How Encouraging Women’s Confidence in Math Skills Can Potentially Increase the Percentage of Women in the STEM Workforce by 75%

Getting more women to be interested and therefore represented in STEM (Science, Technology, Engineering and Math) is a national priority; a new study has provided some insight into where efforts could be best focused.

According to a recently published study from researchers Jessica Ellis, Bailey K. Fosdick and Chris Rasmussen, women are 1.5 times more likely to leave the STEM pipeline after calculus than men and a lack of confidence in their abilities to tackle advanced math could be to blame.

Because Calculus is a challenging but necessary part of advancing into many STEM fields, it has been proven to dissuade many people from continuing their pursuits. While more women are likely to be dissuaded by Calculus than men, research supports that a lack of confidence is mostly to blame as opposed to a lack of ability.

"When comparing women and men with above-average mathematical abilities and preparedness, we find women start and end the term with significantly lower mathematical confidence than men. This suggests a lack of mathematical confidence, rather than a lack of mathematically ability, may be responsible for the high departure rate of women,” the paper says.

The researchers estimate that if women could increase their math confidence, they would make up a significantly higher percentage of the nation’s STEM workforce.
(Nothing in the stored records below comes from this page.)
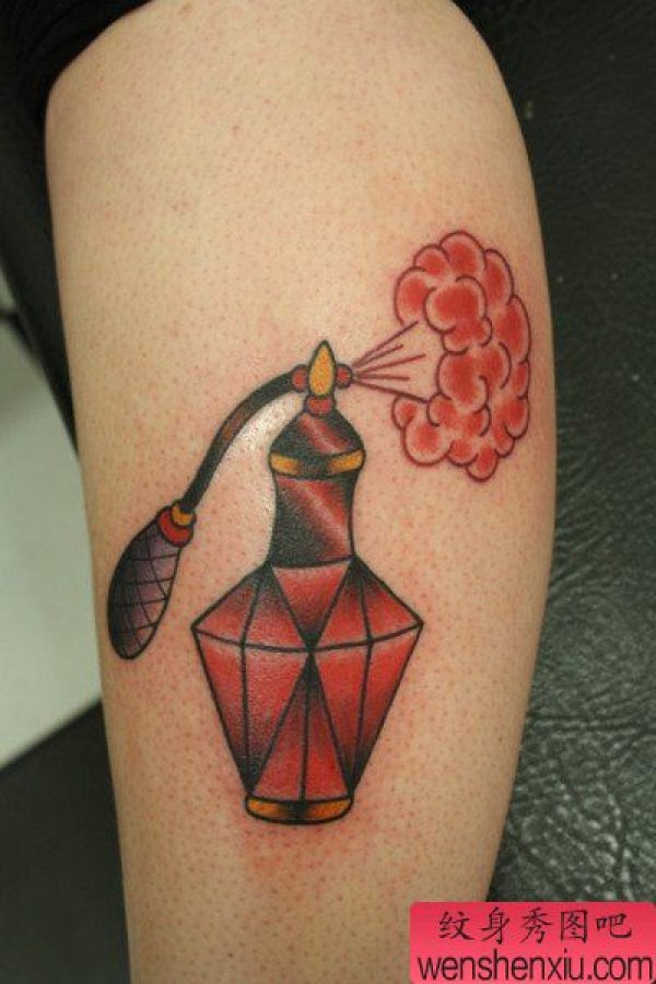 腿部时尚另类的一张香水纹身图案
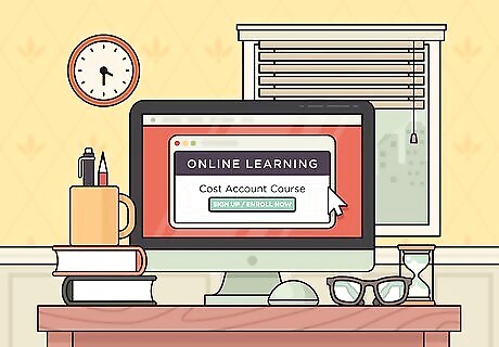 Take a cost accounting course online. Run a quick search for “online cost accounting course” to pull up a list of potential options. Before you sign up, check to make sure that the course you’re looking at is offered by either an accredited institution or a reputable third-party company. One of these courses will expose you to the same sorts of principles and procedures that you would learn in an academic setting. Many of these pay-by-lesson courses are relatively inexpensive, while some open-source resources may even be completely free. Web-based courses can serve as a convenient, low-cost alternative to traditional instruction if you don’t have the time or budget to go to college.
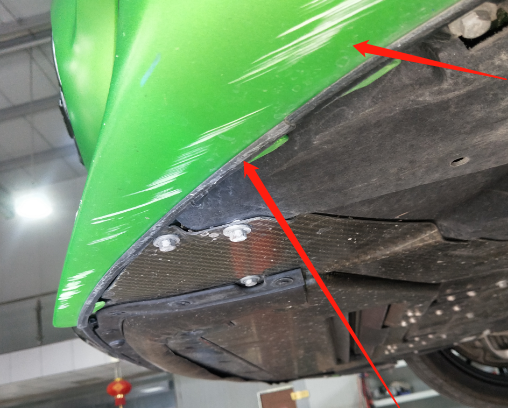 路试回来后,进行上架检测,对于这种超跑而言底盘检测尤为重要,因为太容易拖底了,果然车子刚升起来,就发现了前杠底部存在剐蹭现象,前杠护板存在轻微的拖底并有过拆卸痕迹,不过不影响正常使用,把车况反应给客户后,客户也表示这都在预期之内,不是事。

"While it would be ideal to increase interest and participation of women in STEM at all stages of their careers, our findings indicate that if women persisted in STEM at the same rate as men starting in Calculus I, the number of women entering the STEM workforce would increase by 75%,” the paper says.

Many experts argue that increasing women participation in STEM starts by providing a solid foundation of confidence in K-12.

In this respect, the word “growth mindset" might sound familiar to you.

According to, “[i]n a growth mindset, people believe that their most basic abilities can be developed through dedication and hard work—brains and talent are just the starting point.”

"This view creates a love of learning and a resilience that is essential for great accomplishment.”

Encouraging students that they are able to understand math through perseverance and hard work versus letting them believe they lack an innate talent is a way that many researchers believe K-12 teachers can help push women into the STEM pipeline.